Hormonal therapy, also known as androgen deprivation therapy (ADT), is a cornerstone in the management of prostate cancer. This treatment strategy focuses on reducing or blocking the action of male hormones (androgens) that fuel the growth of prostate cancer cells. There are several types of hormonal agents used in prostate cancer management, each with its own benefits and challenges.

Types of Hormonal Therapies

  1. Luteinizing Hormone-Releasing Hormone (LHRH) Agonists and Antagonists: LHRH agonists, such as leuprolide (Lupron) and goserelin (Zoladex), initially increase testosterone levels before significantly lowering them, a phenomenon known as “flare.” To counteract this, anti-androgens are often prescribed concurrently. LHRH antagonists, like degarelix (Firmagon) and relugolix (Orgovyx), lower testosterone levels without causing flare, making them a preferred choice for some patients​ (Mayo Clinic)​​ (CancerInfo)​.
  2. Anti-Androgens: These drugs, including bicalutamide (Casodex) and enzalutamide (Xtandi), block androgens from binding to their receptors on prostate cancer cells. Anti-androgens are often used in combination with LHRH agonists to enhance the overall effectiveness of hormone therapy​ (Mayo Clinic)​​ (CancerInfo)​.
  3. CYP17 Inhibitors: Abiraterone (Zytiga) is a CYP17 inhibitor that blocks the production of androgens from all sources, including the adrenal glands and the tumor itself. It is used in combination with prednisone to treat metastatic castration-resistant prostate cancer (mCRPC)​ (Comprehensive Cancer Information)​​ (CancerInfo)​.
  4. Orchiectomy: This surgical procedure involves the removal of the testicles, thereby drastically reducing testosterone levels. Although effective, it is often considered less desirable due to its permanent and psychologically impactful nature​ (Mayo Clinic)​.
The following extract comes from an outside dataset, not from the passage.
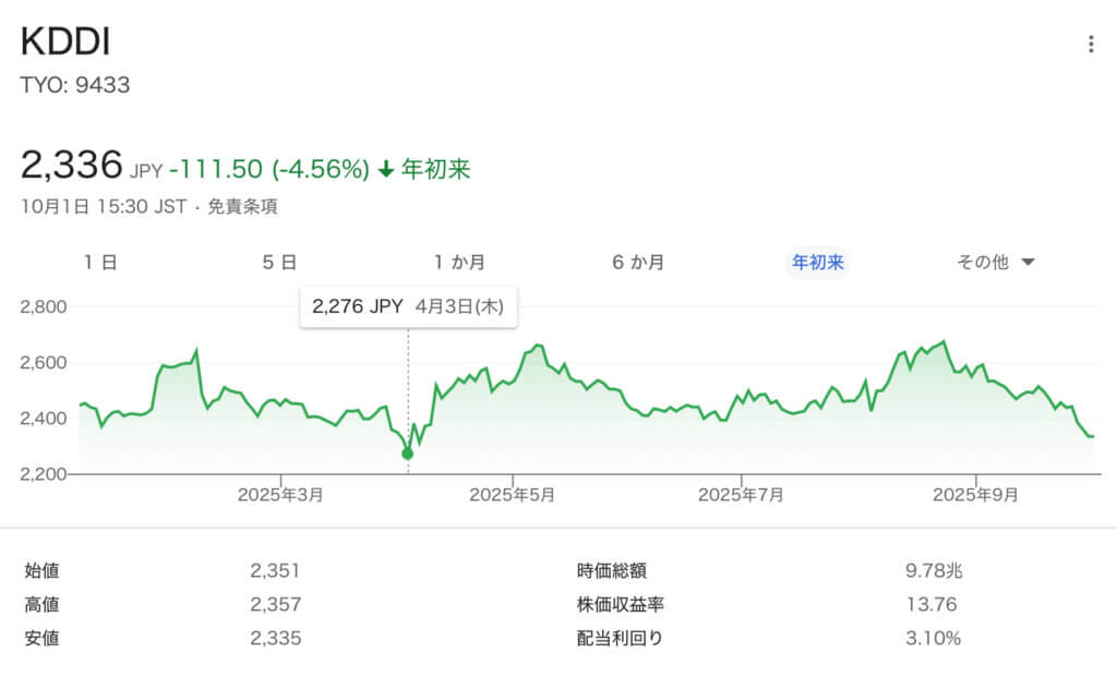 最近、私の保有銘柄である KDDI(9433) の株価が大きく下落しました。

Benefits and Effectiveness

Hormonal therapies are particularly effective in reducing the size of prostate tumors and slowing disease progression. For instance, relugolix has shown a significant reduction in testosterone levels compared to traditional treatments like leuprolide, with fewer cardiovascular side effects, making it a safer option for patients with pre-existing heart conditions​ (Comprehensive Cancer Information)​.
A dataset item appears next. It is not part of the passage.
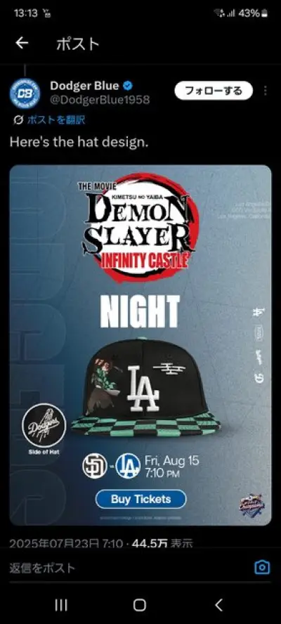 ドジャース、鬼滅の刃とコラボで特製キャップ配布wwwwwwwwwwwwwww

Combination therapies, such as pairing an LHRH agonist with an anti-androgen, have been found to enhance treatment efficacy and improve survival rates. For high-risk patients, new hormonal agents (NHAs) used in neoadjuvant settings (before surgery) can reduce the risk of recurrence and improve long-term outcomes​ (UroToday)​​ (JWatch)​.
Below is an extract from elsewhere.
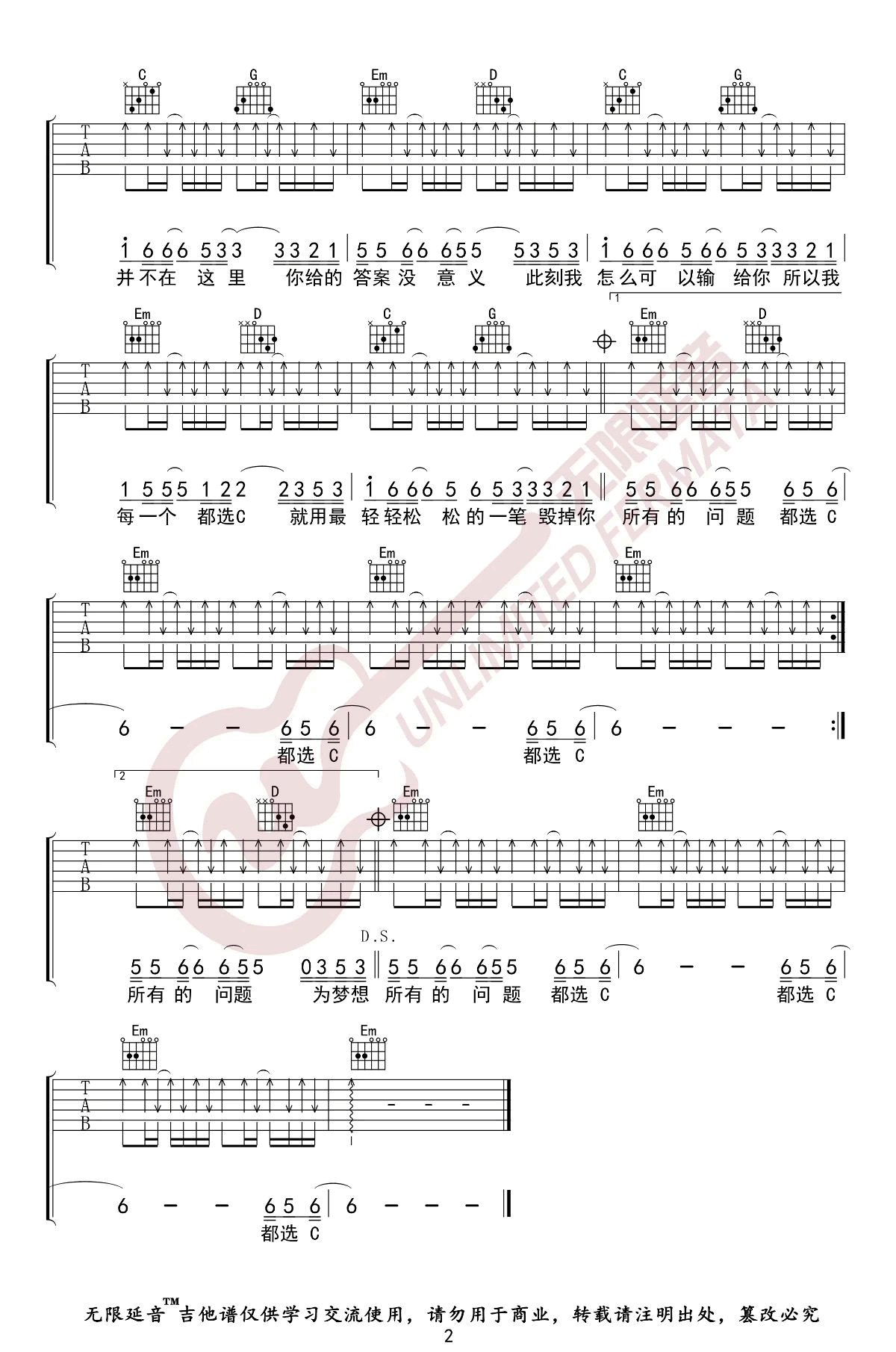 曲谱介绍: 《都选C》,电影《缝纫机乐队》推广曲,歌曲原调A,选用G调指法,变调夹夹2品。都选C六线谱,两张图片谱,无限延音编配出品,琴谱网网整理分享。 现实里会有很多左右为难的选择,有时除了自己,谁给的答案都没有意义。都选C,不是让你碰运气,而是鼓起勇气,落子不悔。

Challenges and Side Effects

Despite their benefits, hormonal therapies are associated with several side effects that can impact the quality of life. Common side effects include:

  • Loss of libido and erectile dysfunction
  • Bone thinning (osteoporosis)
  • Hot flashes
  • Increased risk of diabetes and cardiovascular diseases
  • Fatigue and weight gain​ (Mayo Clinic)​​ (CancerInfo)​.

To mitigate these side effects, intermittent hormone therapy is sometimes used, where treatment is given for a period and then stopped until it is needed again. This approach can help reduce side effects without significantly compromising the effectiveness of the therapy​ (Mayo Clinic)​.

Future Directions and Research

Ongoing research is focused on improving the effectiveness of hormonal therapies while minimizing side effects. Studies like the EvoPAR-Prostate01 trial are exploring combinations of PARP inhibitors with new hormonal agents to delay disease progression and the initiation of chemotherapy in patients with metastatic castration-sensitive prostate cancer (mCSPC)​ (UroToday)​.

Furthermore, advances in personalized medicine are paving the way for more tailored treatment plans based on genetic and molecular profiling of individual tumors. This approach aims to optimize the efficacy of hormonal therapies and improve patient outcomes​ (JWatch)​.


References

  1. American Cancer Society. “Hormone Therapy for Prostate Cancer.”
  2. Mayo Clinic. “Hormone therapy for prostate cancer.”
  3. National Cancer Institute. “FDA Approves Relugolix for Advanced Prostate Cancer.”
  4. UroToday. “AUA 2024: EvoPAR-Prostate01: Phase III, Double-Blind, Placebo-Controlled, 2-Cohort, Randomized Study of Saruparib (AZD5305) in Combination with New Hormonal Agents in Patients with mCSPC +/- HRR Mutations.”